DRO problem is a zero-sum game between an agent and an adversary
Optimal decision and distribution form a Nash equilibrium
Optimal solution is referred to as a minimax estimator or robust estimator
Expected loss is minimized under the crisp distribution
Nash equilibrium exists under mild regularity conditions

Existence of nash equilibria

Assumption 1.1 (i) states that there is a reference point
Assumption 2.1 (i) and (ii) are satisfied when the support set is compact
Assumption 2.4 (iii) states that the loss function is convex and lower semi-continuous
The Wasserstein space is independent of the reference point
The -th Wasserstein ball of radius ≥ 0 is defined
Assumption 2.4 (iii) ensures that the loss function satisfies a growth condition

Computation of nash equilibria

The dual DRO problem appears intractable as it is a challenging maximin problem.
The primal DRO problem can be reformulated as a finite convex program if certain convexity properties are met.
The dual DRO problem can also be reformulated as a finite convex program if certain regularity conditions are met.
Solutions of the convex programs can be used to construct a robust decision and a least favorable distribution that form a Nash equilibrium.
Dual DRO problems have been investigated in specific applications, such as minimum mean square error estimation and Kalman filtering.
General dual DRO problems can often be addressed with methods from convex optimization.
Assumptions 2.8, 2.9 and 2.11 are needed to reformulate the dual DRO problem as a finite convex program.
Assumption 2.13 is needed to ensure that the dual DRO problem is solvable.
The dual DRO problem can be reformulated as a convex program with a maximization problem and a minimization problem.
The maximization problem has a Slater point and is solvable.
The minimization problem has a Slater point and is solvable.
Any maximizer of the convex program can be used to construct a maximizer of the dual DRO problem.
If the dual DRO problem is not solvable, a sequence of distributions can be constructed that are feasible and asymptotically optimal.

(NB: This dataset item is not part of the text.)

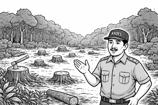 “Ya nggak, Pak. Saya malah nggak pernah nebang kayu. Masa saya kepala desa kok ikut nyolong kayu,” ujarnya saat dikonfirmasi.

Regularization by robustification

Regularization schemes in statistics and machine learning can be interpreted as a form of robustness.
This paper seeks to create a comprehensive theory of regularization and optimal transport-based robustification.
The paper studies the primal and dual regularizing effects of robustification.

Primal regularizating effects of robustification

The worst-case expected loss across all distributions in a generic optimal transport-based ambiguity set is bounded above
Sum of expected loss under reference distribution and regularization terms that penalize -norms and Lipschitz moduli of higher-order derivatives of loss function
Intimate connections between robustification and gradient, Hessian, and Lipschitz regularization
Norm on space of totally symmetric -th order tensors induced by vector norm
Smoothness conditions depend on -th order partial derivatives of loss function
Upper bound of worst-case expected loss is sum of expected loss under reference distribution, -th variation regularization terms, and Lipschitz regularization term
Variation regularizers used in machine learning applications
Theorem 3.2 gives heuristic regularization schemes a theoretical justification
Estimate can be simplified by upper bounding all variation regularization terms by corresponding Lipschitz regularizers
Results generalize several bounds from extant literature

Dual regularizing effects of robustification

A DRO problem of the form inf is a univariate loss function : R → (−∞, +∞]
Several important problems in operations research and machine learning can be framed as instances of this DRO problem
Assumption 1.1 holds
The DRO problem is equivalent to a stochastic program inf
The -transform ℓ (, , ̂︀ ) is defined in (20)
The -transform can be expressed in terms of a suitable envelope of
The DRO problem can be solved efficiently even if fails to be (piecewise) concave or even if fails to be convex
Evaluating the -transform ℓ is equivalent to solving a univariate maximization problem
The -transform ℓ (, , ̂︀ ) can be viewed as an approximation of ℓ(, ̂︀ ) = (⟨, ̂︀ ⟩)
If ≥ lip(), then the worst-case expected loss over a 1-Wasserstein ball of radius coincides with the expected loss under the reference distribution adjusted by the regularization term lip()‖‖ *
If Θ is a cone, then the scaling factor can be eliminated by using the variable substitution ′ ←

Numerical experiments

Linear and second-order cone programs implemented in Python
Solved with Gurobi 10.0.0 on a 2.4 GHz quad-core machine with 8 GB RAM

Nash equilibria

Computation of Nash equilibria between a statistician and nature in the context of a distributionally robust support vector machine problem
Feature vector ∈ ⊆ R −1 and a label ∈ = {−1, +1}
Weight vector ∈ Θ = R −1 of a linear classifier
Hinge loss function ℓ(, ) = max{0, 1 − ⟨, ⟩}
Reference distribution ̂︀ P is set to the empirical (uniform) distribution on training samples ̂︀ = (̂︀ , ̂︀ ), ∈ []
Transportation cost function defined
Nash strategies for the statistician and nature can be computed by solving finite convex programs
Continuum of least favorable distributions, representing different Nash strategies of nature
Instance of the distributionally robust support vector machine problem with = 3, = 0.1 and = 20
-norm to quantify the transportation cost in the feature space
Distributionally robust support vector machine to distinguish greyscale images of handwritten numbers 3 and 8 from the MNIST 3-vs-8 dataset
Feature vector ∈ = [0, 1] −1 with = 787
∞-norm to quantify the transportation cost in the feature space
Compare least favorable distributions (Nash strategies of nature) against worst-case distributions (best response strategies of nature)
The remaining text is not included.